Thus, in the two best carts obtainable, with MoÏse and two selected gamekeepers in charge of us, and the blessings of the Commandant on our heads, we started forth to face the world as lunatics, and to read the thoughts of the holder of the third clue in Constantinople. It was good fun, getting out into the open after nearly two years of dismal prison life, and I was not a little sorry for Hill. As a religious melancholic he must do nothing but weep or pray or read his Bible, while his heart, if it was anything like mine, was thumping with joy at being quit of Yozgad and moving westwards towards Europe, England, and Liberty! The time was to come when, with hope near dead within me and the stress of an enforced cheerful idiocy weighing me down, I would long to change places with Hill so that I might pray a little, aye—and weep too! But for this one day I was in luck. The Turks put down my happiness to the fact that I was leaving behind the English who were so intent on murdering me, and going to Stamboul to see the Sultan, and Enver Pasha, and become a great man in the Turkish Government. So it was quite in keeping with my type of insanity to be light-hearted, and to let off my high spirits in any old act of lunacy that came up my back; to set the carts racing against one another, to howl Turkish songs in imitation of the drivers, to shout mad greetings and make faces and throw money (to the annoyance of the Pimple) at the amazed passers-by. And from my own private point of view there was some excuse for high spirits—were we not the first two to get out of Yozgad on our own initiative, and were we not being taken on a personally conducted tour at the expense of the Turkish Government, which, if all went well, would end in old England? So I laughed, and shouted, and sang, and was exceeding cheerful, to the great joy of the escort and the drivers, who much preferred this phase of my lunacy to my “dangerous” moods. All the time Hill sat mournfully huddled up, as became a melancholic, but once, when he glanced at me, I noticed his eyes were sparkling. He told me afterwards it must have been a sparkle of anticipation—he was planning his first dinner at Home!

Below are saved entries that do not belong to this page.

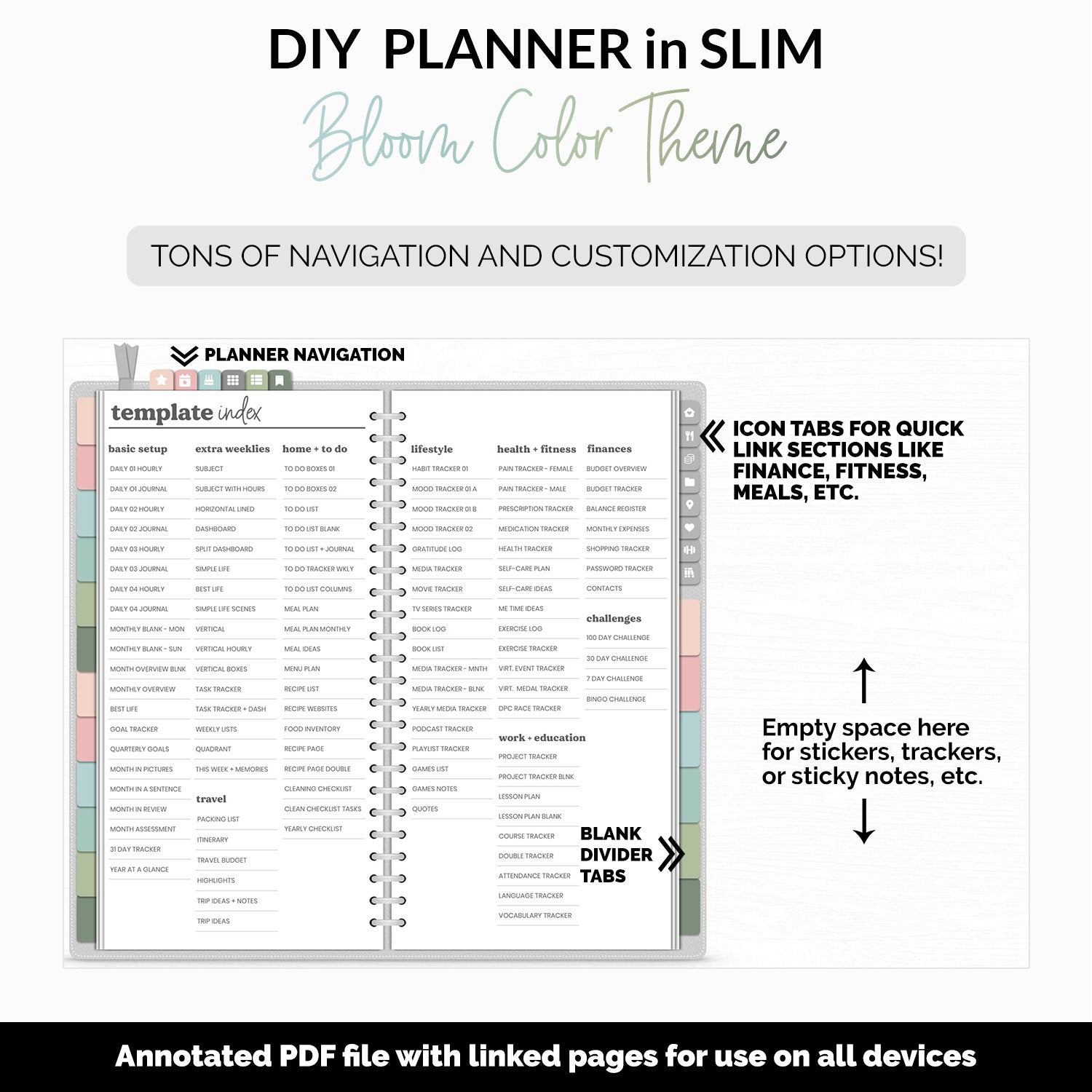DIY Slim Digital Planner | Bloom Theme | Goodnotes, iPad & Android | Notebook
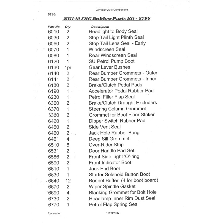 6796 x 1. XK140 FHC Rubber Parts Kit. A comprehensive kit covering screen seals, light seals to body, neoprene vent seals, petrol filler seal (ring is correct cork material), gearstick bobbins, buffers, wiper seals, solenoid button, cockpit trims and pedal seals & pads etc as listed.The reason why we don’t buy the stuff everyone else knocks out? We know from dealing with the hobby restorer and the trade that many rubber kits on the market are incorrect. We also of course are just on the end of the phone or email if you need any further advice during the day.NOTE: Please be careful with your after purchase storage of seals before fitting as they can distort if left twisted or with something resting on them. Remember, you only want them to form to the shape of your vehicle.
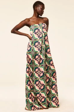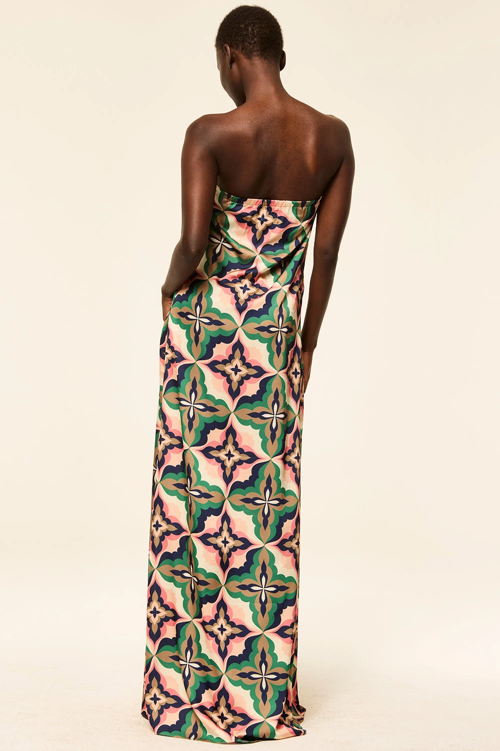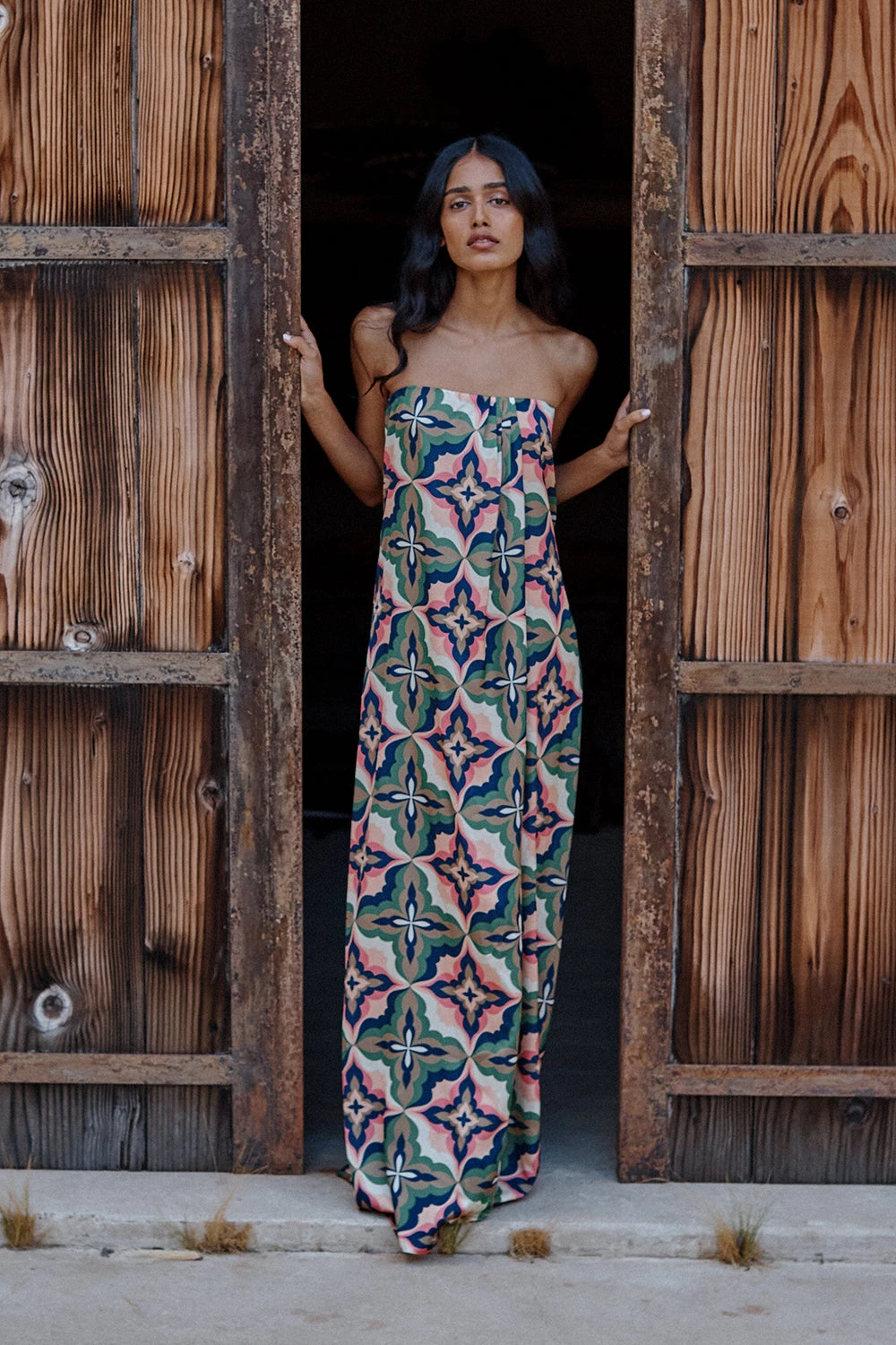 Divina is an effortlessly striking strapless maxi cut from our vibrant Prismatic Tile Coral–printed satin. Featuring soft front pleating and a clean, flowing silhouette, this style is finished with a hidden side zip closure for a seamless fit. Dress it up with heels or style it with flats for an easy, standout look.
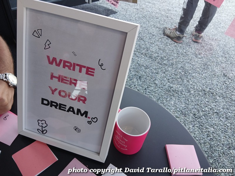 Dicevamo del fenomeno di costume, con tutto un florido merchandising a latere e iniziative più o meno naif, come quella di lasciare tanti post-it rosa appicciati a una delle finestrone dello stand commerciale. Che teneri. Abbiamo detto anche noi la nostra, d’altra parte se ci istigano, questo è.
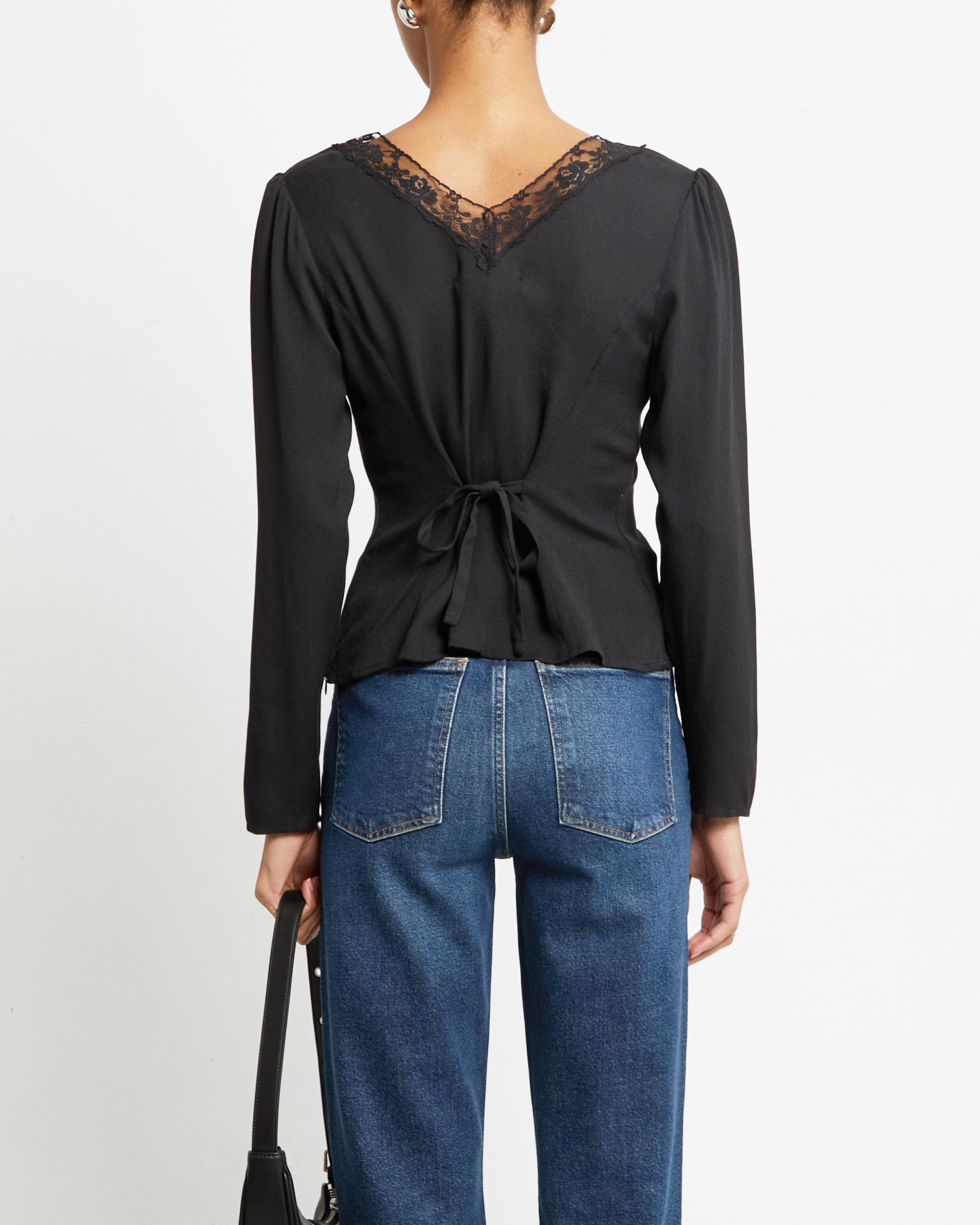 Add a touch of charm to your wardrobe with our Ambrosia Top. Featuring delicate lace trim and a button-up design, this long sleeve top is both versatile and charming. The back tie detail allows for an adjustable fit, making it a perfect addition to any outfit.
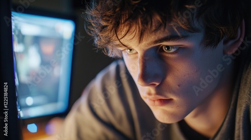 Teenage boy focused on computer screen in dimly lit room with soft blue light and intense expression
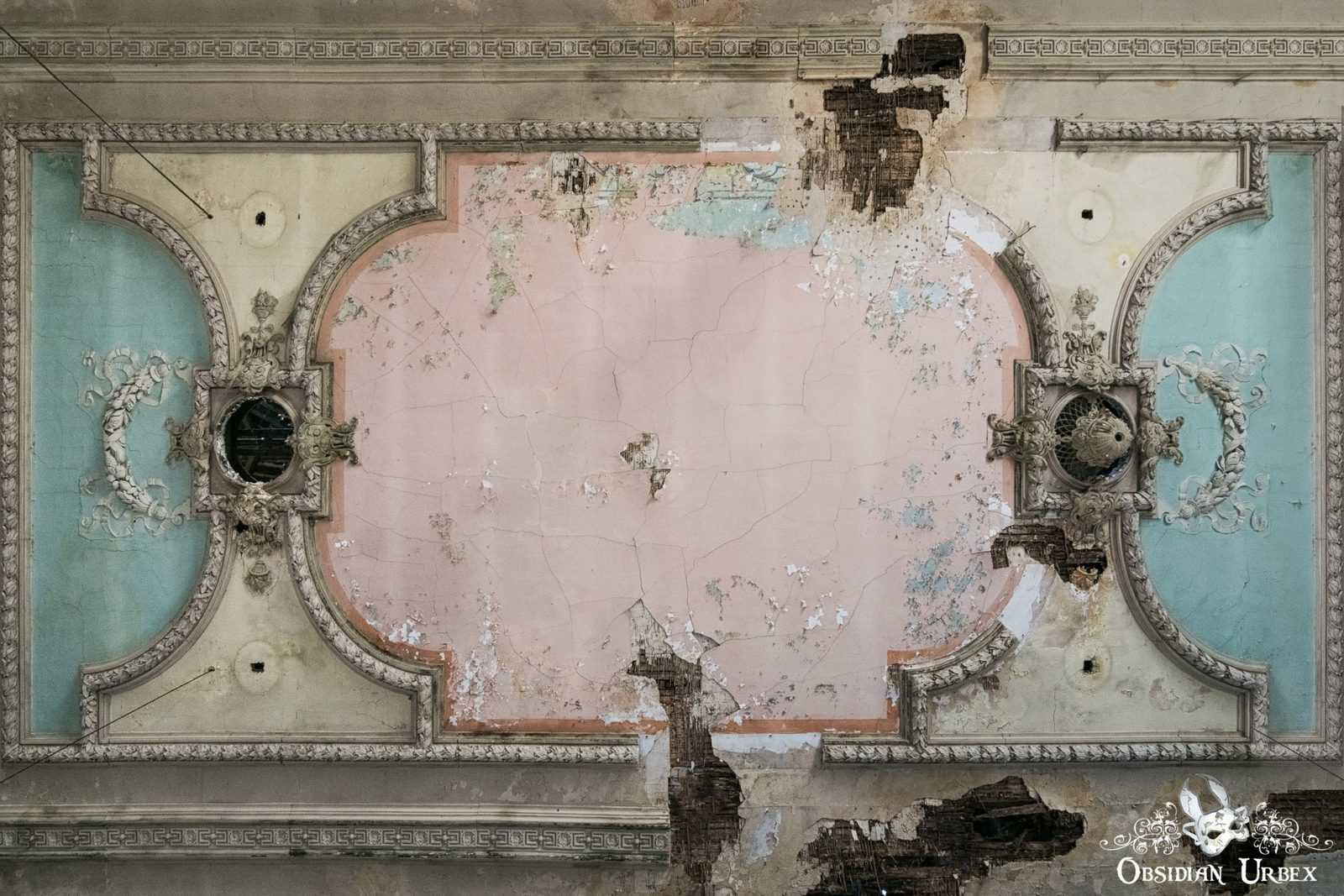 At the time of my visit, the floor was riddled with holes. Decades of decay and rot has been chipping away at the wooden floorboards. Patches of the plaster ceiling mouldings have come crashing down, leaving ugly scars. The wooden ceiling above peeks through the holes.
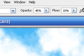 Zgoraj določite Opacity na okoli 45% in Flow 10%.

The first three days of our journey were very happy. In my rÔle of “cheerful idiot” I rapidly got on good terms with Bekir and Sabit, the two sentries, and with the drivers of our carts. Beyond insisting on praying before he would do anything they wanted him to do, Hill gave them no trouble at all. So our escort thought they had got a “cushy” job, and a paying one, as an occasional five-piastre note, which escaped the notice of MoÏse, came their way. They told MoÏse it was a shame to send such a couple of innocents to the “Tobtashay,” and they’d like to look after us till the end of the war. They were soon to change their tune.

Doc. O’Farrell’s hint that a “suicide” would complete the downfall of the Constantinople doctors had not been lost upon us. We had decided to hang ourselves on the way to Angora, and to arrange to be rescued by the Pimple in the nick of time. We told the Doc. of our intention. “If ye do it,” he said with enthusiasm, “there’s not a doctor in Christendom, let alone Turkey, will believe you’re sane!” Then caution supervened, and he tried to dissuade us. He told us uncomfortable details about the anatomy of the neck and the spinal column. He said that theoretically the idea was sound, but practically it was impossible, because it was too dangerous. A fraction of a minute might make all the difference and convert our sham suicide into the genuine article. “One of ye do it,” he suggested, “then the other can be at hand to cut him down if the Turks don’t come.” We objected that, besides being suspicious, this would give one of us an unfair advantage over the other in the eyes of the specialists, and we were determined to do the thing thoroughly and share all risks equally. The Doc. made one last despairing effort.

“Suppose you pull it off and deceive the Turks into thinking it was a genuine attempt,” he said, “what do you think will happen?”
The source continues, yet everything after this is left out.